Melbourne’s Scotch College Dissociates Itself From Presbyterian Church’s Views On Gay Students

Melbourne’s Scotch College Dissociates Itself From Presbyterian Church’s Views On Gay Students
Image: AAP Image/Julian Smith

Scotch College is taking a step back and distancing itself from the Presbyterian church’s views, which believes that sexually active heterosexual or LGBT+ students shouldn’t be school captains.

The school has stressed that it is the school council and not the church that governs the boy’s college.

Scotch College’s school council chairman Alex Sloan addressed the issue in a school letter, stating that the school did “not tolerate discrimination towards our staff or students, including on the basis of sexual orientation, gender identity, marital or relationship status or pregnancy.”

“We nurture and care for each individual and encourage them to take leadership positions without discrimination,” Sloan said, as reported by the Age.

The federal government is hoping to remove the anti-discrimination exemptions that religious schools are currently privy to. This exemption allows discrimination against students or staff on the grounds of their gender identity, sexual orientation, relationship or pregnancy, or marital status.

The Right To Discriminate

The Presbyterian Church of Australia recently sent a submission to the Australian Law Reform Commission, stressing how important it was that its schools “have the freedom to employ staff who are not merely in agreement with our ethos but who also live in a manner consistent with that ethos.”

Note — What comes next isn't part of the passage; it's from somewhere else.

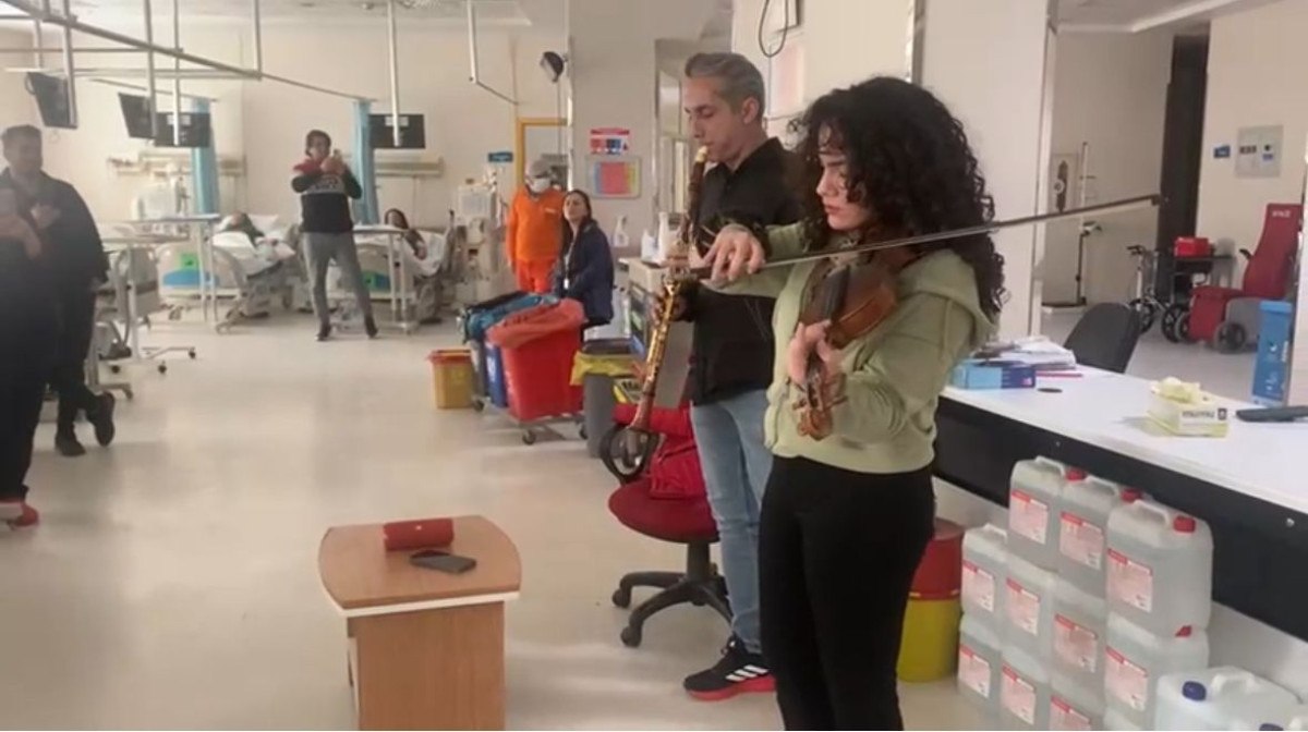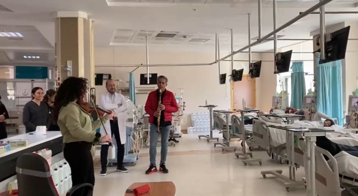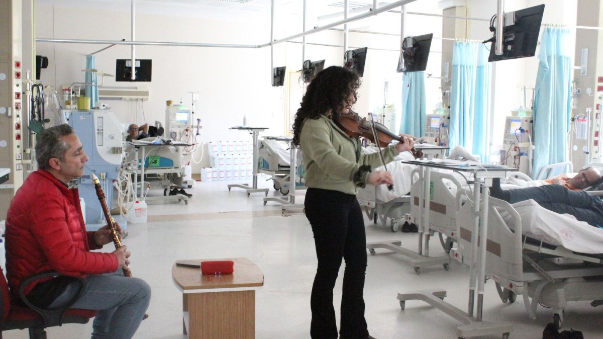 Mardin’in Nusaybin ilçesindeki Devlet Hastanesi’nde, diyaliz hastalarına yönelik yapılan bir etkinlikte müziğin stres üzerindeki olumlu etkisi gözler önüne serildi. Etkinlikte, müzisyen Ferhat Badur klarnetiyle, kızı Yağmur ise kemanı ile sahne aldı.

The church also stated that its schools “do not refuse or terminate enrolments for students on the basis of sexual orientation,” as reported by the Age. But it also reiterated that the schools should possess the right to stop sexually active LGBT+ or heterosexual students from becoming school captains.

“If this [LGBTQ+] student were in an active same-sex relationship, they would not be able to give appropriate Christian leadership in a Christian school which requires modelling Christian living,” the church said.

“This would also be the case for a student in a sexually active unmarried heterosexual relationship.”

“In both cases, the proposal removes from schools the ability to determine an ethos by selecting appropriate leaders.”